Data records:
*** Block opens ***

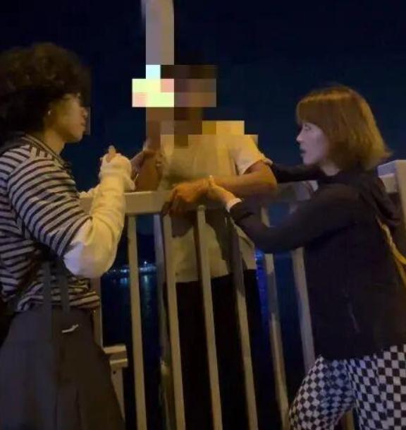 胡女與友人緊緊拉住要跳橋的男子(中)。(圖/翻攝《網易》)
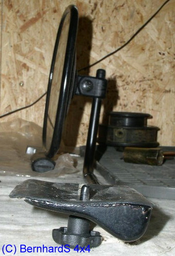 BernhardS (viermalvier) baute für den G270CDI die Halterung um (DC-Spiegel B67816410). Er entfernte die vordere Kante an der Halterung und verlängerte die Spiegelstange um 10 cm. |
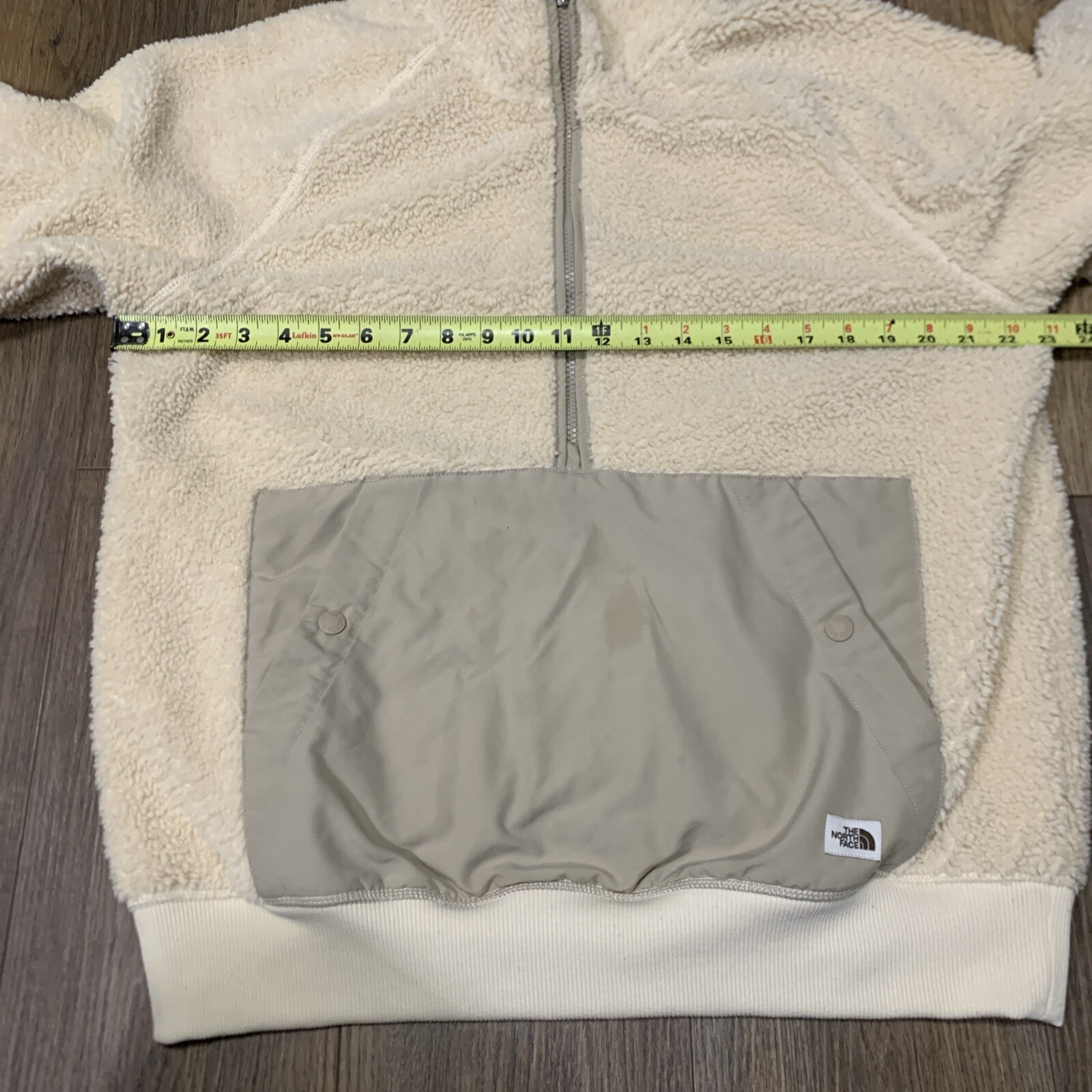 Embrace the elements with The North Face Men's Ridge Fleece Pullover, a versatile addition to your outdoor apparel collection. Fashioned in a classic beige, this mid-length windbreaker is ideal for layering during the cooler months of fall, spring, and winter. Its polyester outer shell and lining offer durability and comfort, while the soft fleece fabric ensures you stay cozy without the bulk. This pullover features a convenient 1/4 zip closure for easy temperature regulation and a stand-up collar to shield your neck from the wind. The design includes contrasting pocket pouches for functionality and a subtle logo accent for style. Whether you're headed to the office or out for a casual outing, this jacket's classic fit and machine-washable care make it a practical choice for any occasion.
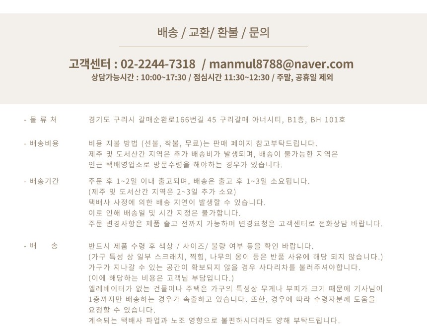 - - 배송안내: 전국 배송이 가능하며, 토요일과 공휴일을 제외하고 평균 2~5일 소요됩니다.
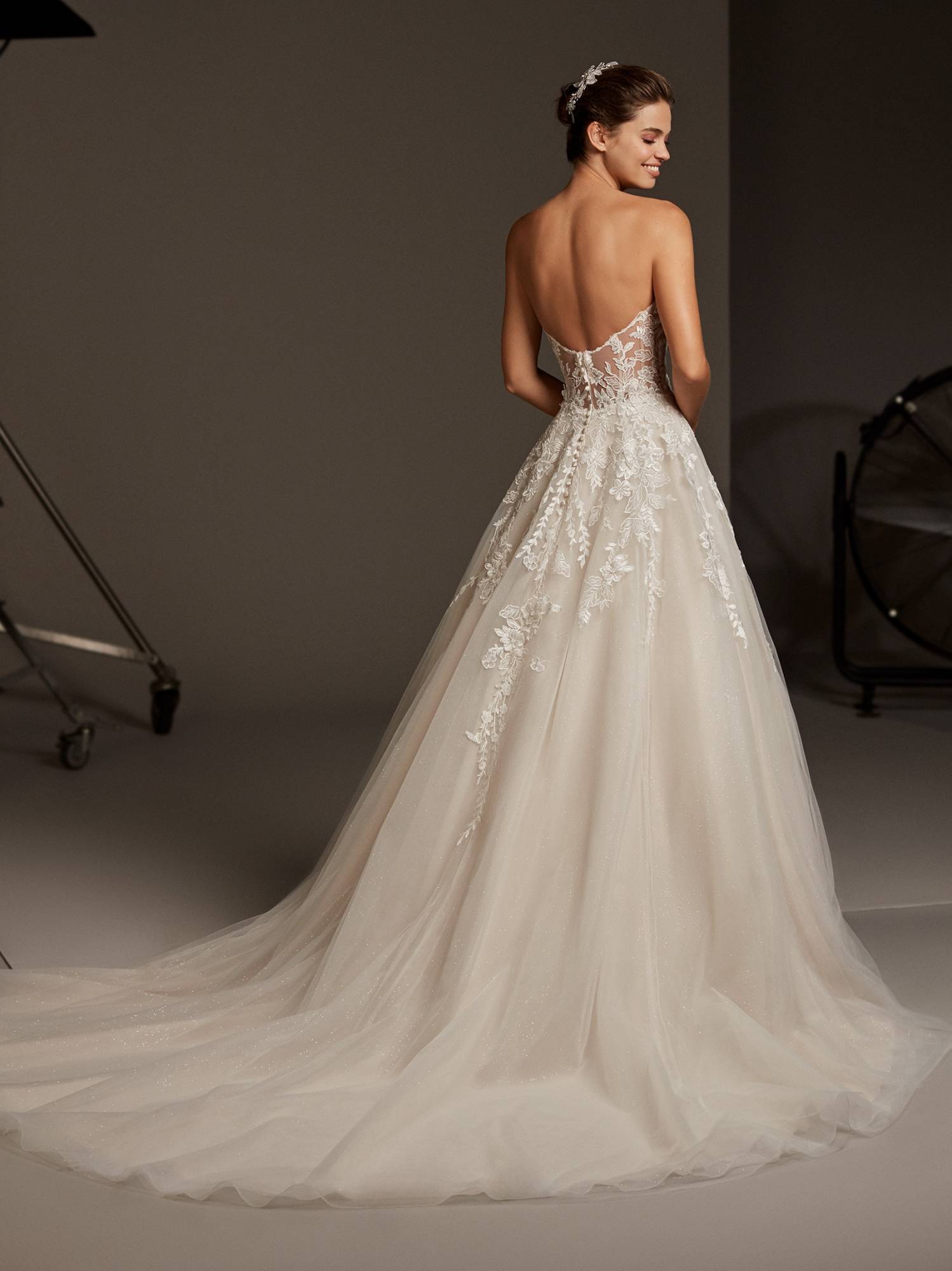 Ce modèle de créateur espagnol s'inscrit dans un style glamour, idéal pour un mariage tendance moderne chic mais moderne qui marque la différence par son coloris nude. Son dos nu plongeant jusqu'au bas du dos soulignera la cambrure de la mariée.
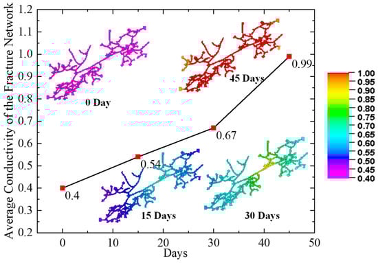 When the time-varying stress effects of the fracture-flooding network are considered, the fractures exhibit a small initial aperture and consequently low flow conductivity under the action of in situ stresses. Simulation results indicate that as the fracture-flooding operation progresses, the average conductivity of the fracture network demonstrates a distinct two-stage recovery characteristic (Figure 14).
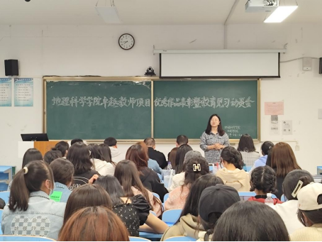 教育见习是地理科学专业学习的重要组成部分,是重要的实践教学环节之一,为了更好地安排、部署见习的各项事宜,召开此次教育见习动员会。在教育见习动员中,陈宗颜老师介绍了本次见习活动的目的、见习学校、基本要求等,强调见习期间的安全、团结、教师仪态,要求同学们做好课堂的观察、记录、实践活动,认真完成教育见习记录,践行“学高为师,身正为范”的理念。
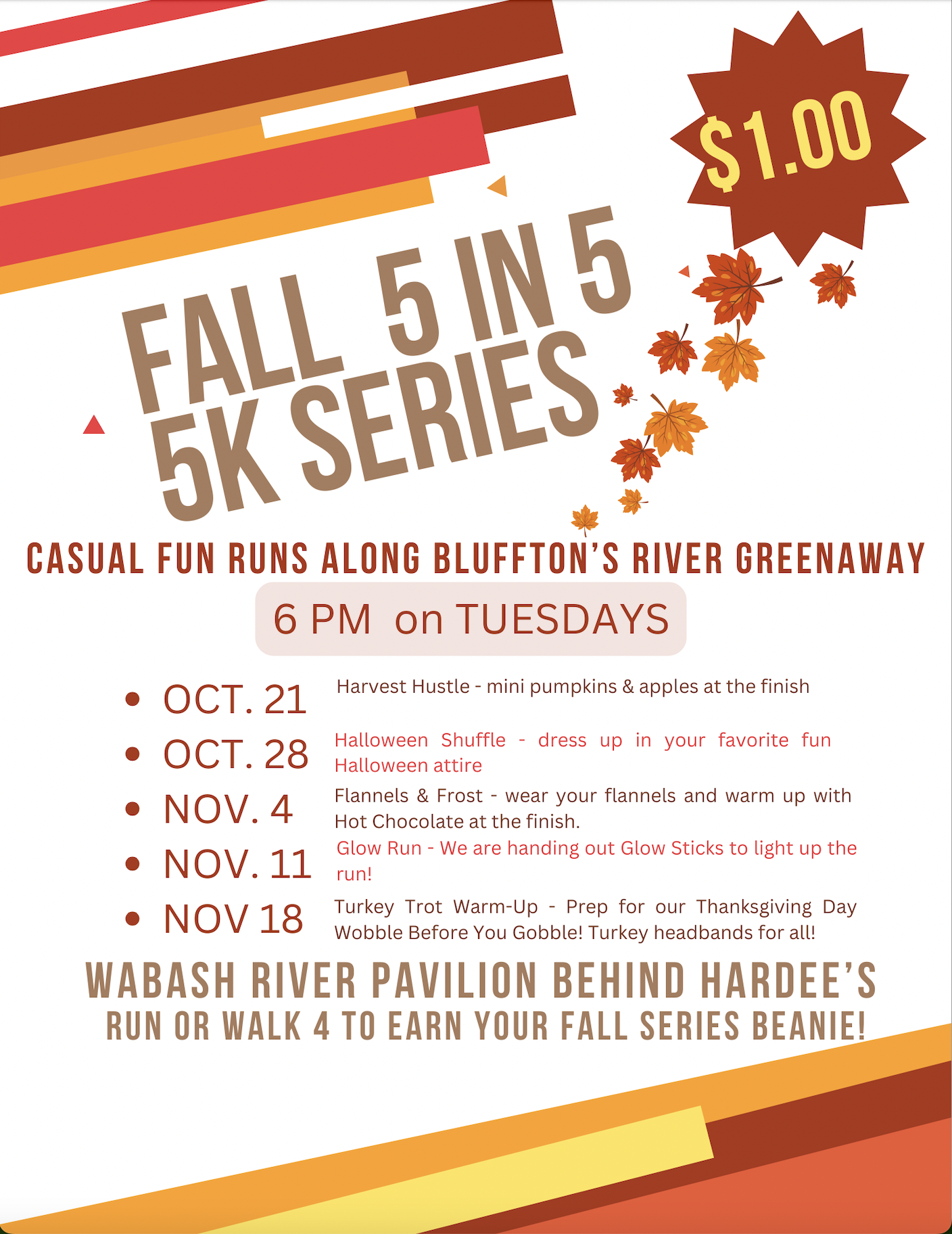 - 18 : 5 in 5 Fall 5K Series (#5) - 6pm, Wabash River Pavilion (behind Hardee's) $1.00

*** Block closes ***

__What the task asks__: Only the lines from the one with "When the time-varying" through the end of the data, both ends included, should be written out exactly, and no pictures should appear.

__Solved exercise__:
 When the time-varying stress effects of the fracture-flooding network are considered, the fractures exhibit a small initial aperture and consequently low flow conductivity under the action of in situ stresses. Simulation results indicate that as the fracture-flooding operation progresses, the average conductivity of the fracture network demonstrates a distinct two-stage recovery characteristic (Figure 14).
 教育见习是地理科学专业学习的重要组成部分,是重要的实践教学环节之一,为了更好地安排、部署见习的各项事宜,召开此次教育见习动员会。在教育见习动员中,陈宗颜老师介绍了本次见习活动的目的、见习学校、基本要求等,强调见习期间的安全、团结、教师仪态,要求同学们做好课堂的观察、记录、实践活动,认真完成教育见习记录,践行“学高为师,身正为范”的理念。
 - 18 : 5 in 5 Fall 5K Series (#5) - 6pm, Wabash River Pavilion (behind Hardee's) $1.00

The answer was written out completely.